Download or read book Chinese Computational Linguistics and Natural Language Processing Based on Naturally Annotated Big Data written by Maosong Sun and published by Springer. This book was released on 2013-10-04 with total page 367 pages. Available in PDF, EPUB and Kindle. Book excerpt: This book constitutes the refereed proceedings of the 12th China National Conference on Computational Linguistics, CCL 2013, and of the First International Symposium on Natural Language Processing Based on Naturally Annotated Big Data, NLP-NABD 2013, held in Suzhou, China, in October 2013. The 32 papers presented were carefully reviewed and selected from 252 submissions. The papers are organized in topical sections on word segmentation; open-domain question answering; discourse, coreference and pragmatics; statistical and machine learning methods in NLP; semantics; text mining, open-domain information extraction and machine reading of the Web; sentiment analysis, opinion mining and text classification; lexical semantics and ontologies; language resources and annotation; machine translation; speech recognition and synthesis; tagging and chunking; and large-scale knowledge acquisition and reasoning.

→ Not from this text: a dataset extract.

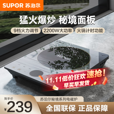 苏泊尔 (SUPOR)电磁炉2200W大功率火锅计时9档调节智能定时多功能火锅炉电磁炉(炒锅+汤锅)C22-IH80E

Book Syntactic N grams in Computational Linguistics

Download or read book Syntactic N grams in Computational Linguistics written by Grigori Sidorov and published by . This book was released on 2019 with total page pages. Available in PDF, EPUB and Kindle. Book excerpt: This book is about a new approach in the field of computational linguistics related to the idea of constructing n-grams in non-linear manner, while the traditional approach consists in using the data from the surface structure of texts, i.e., the linear structure. In this book, we propose and systematize the concept of syntactic n-grams, which allows using syntactic information within the automatic text processing methods related to classification or clustering. It is a very interesting example of application of linguistic information in the automatic (computational) methods. Roughly speaking, the suggestion is to follow syntactic trees and construct n-grams based on paths in these trees. There are several types of non-linear n-grams; future work should determine, which types of n-grams are more useful in which natural language processing (NLP) tasks. This book is intended for specialists in the field of computational linguistics. However, we made an effort to explain in a clear manner how to use n-grams; we provide a large number of examples, and therefore we believe that the book is also useful for graduate students who already have some previous background in the field.